My original data set looks like below
df1 = height 10
color 25
weight 3
speed 33
df2 = height 51
color 25
weight 30
speed 33
df3 = height 51
color 25
speed 30
I call transform_csv_data(csv_data, row) function to first add name on the last row. Then I transpose and move the name which becomes the last column to the first column for every DataFrame so each DataFrame looks like below before appending (but before moving the last column to front)
df1 =
0 1 2 3 4
0 height color weight speed name
1 10 25 3 33 Joe
df2 =
0 1 2 3 4
0 height color weight speed name
1 51 25 30 33 Bob
df3 =
0 1 2 3
0 height color speed name
1 51 25 30 Chris
The problem is appending DataFrames with different number of columns and each DataFrame contains two rows including header and Data as above.

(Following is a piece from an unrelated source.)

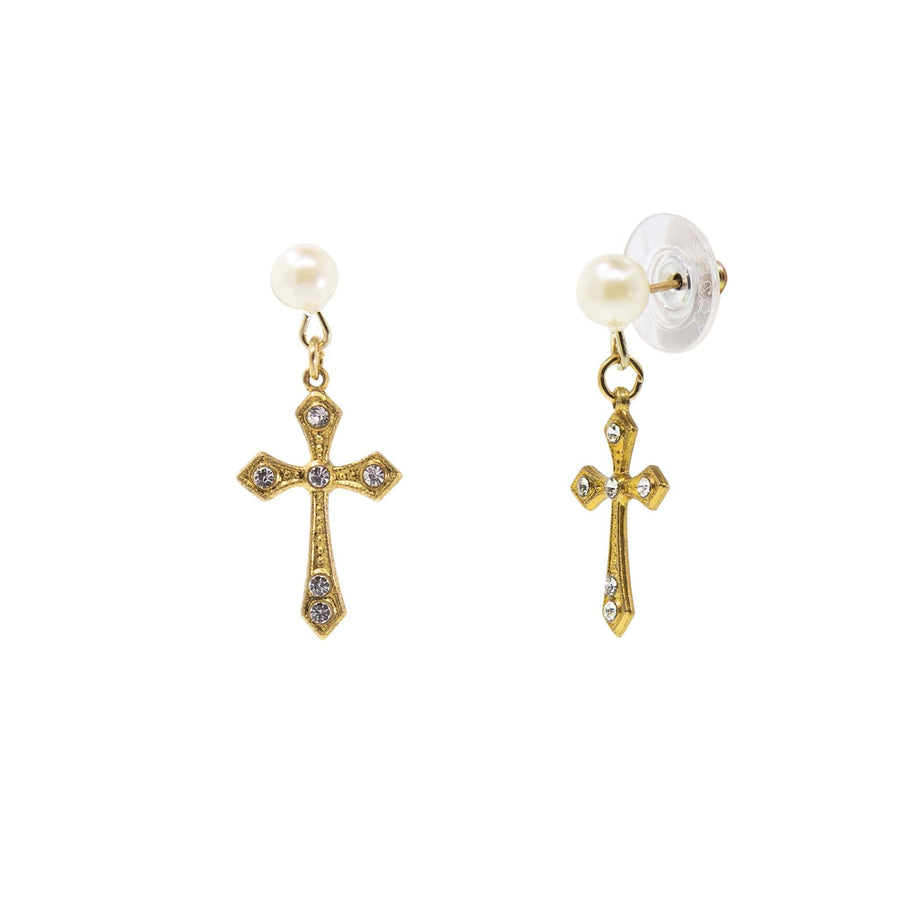 Show your faith anywhere you go in style with this set of cross drop earrings! A terrific embodiment of the fusion between fashionable style and true faithful devotion. This set of earrings feature a intricate designed cross with crystals, which hang from hoops
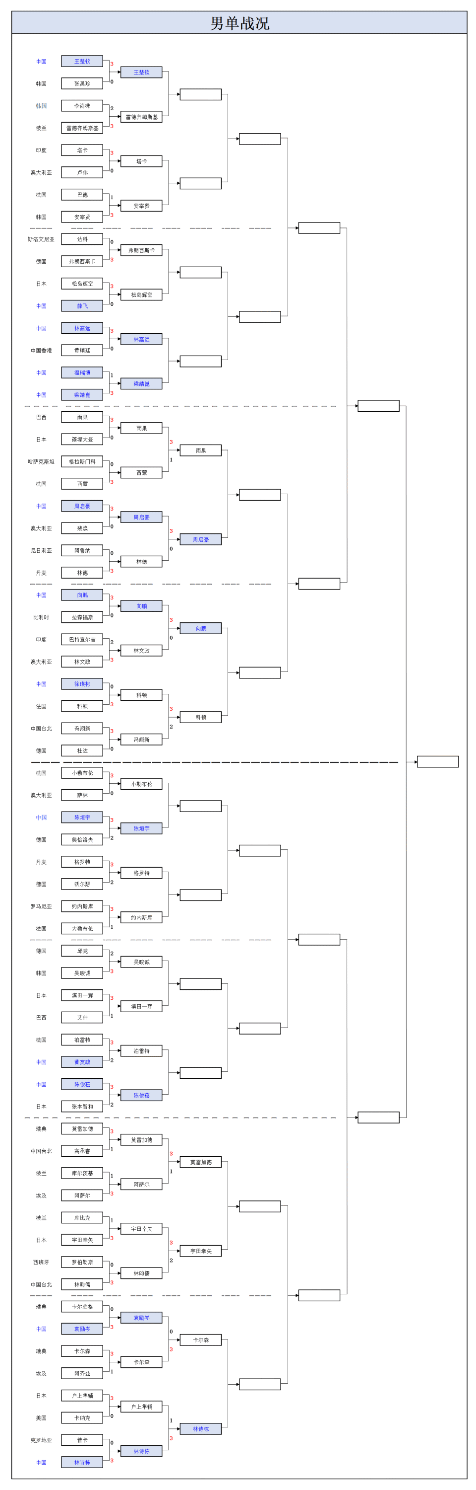 19:10,陈垣宇VS小勒布伦(法国)、黄友政/温瑞博VS黄镇廷/陈颢桦(中国香港);

The code for transform_csv_data helper function is shown below
def transform_csv_data(self, csv_data, row):
df = pd.DataFrame(list(csv_data))
df = df.iloc[:, [0, -2]] # all rows with first and second last column
df.loc[len(df)] = ['name', row]
df = df.transpose()
cols = df.columns.values.tolist() # this returns index of each column
cols.insert(0, cols.pop(-1)) # move last column to front
df = df.reindex(columns=cols)
return df
My main function for appending DataFrame is shown below
def aggregate_data(self, output_data_file_path):
df_output = pd.DataFrame()
rows = ['Joe', 'Bob', 'Chris']
for index, row in enumerate(rows):
csv_data = self.read_csv_url(row)
df = self.transform_csv_data(csv_data, row)
# ignore header unless first set of data is being processed
if index != 0 or append:
df = df[1:]
df_output = df_output.append(df)
df_output.to_csv(output_data_file_path, index=False, header=False, mode='a+')
I want my final appended DatFrame to become as below but format becomes weird as the name column goes back to the end of the column
final =
name height color weight speed
Joe 10 25 3 33
Bob 51 25 30 33
Chris 51 25 nan 30
How can I append all the DataFrame properly so data is appended to its corresponding column?
I have tried adding concat, merge, df_output = df_output.append(df_row)[df_output.columns.tolist()] but no luck so far
There are also duplicate columns which I would like to keep.
Thank you so much for your help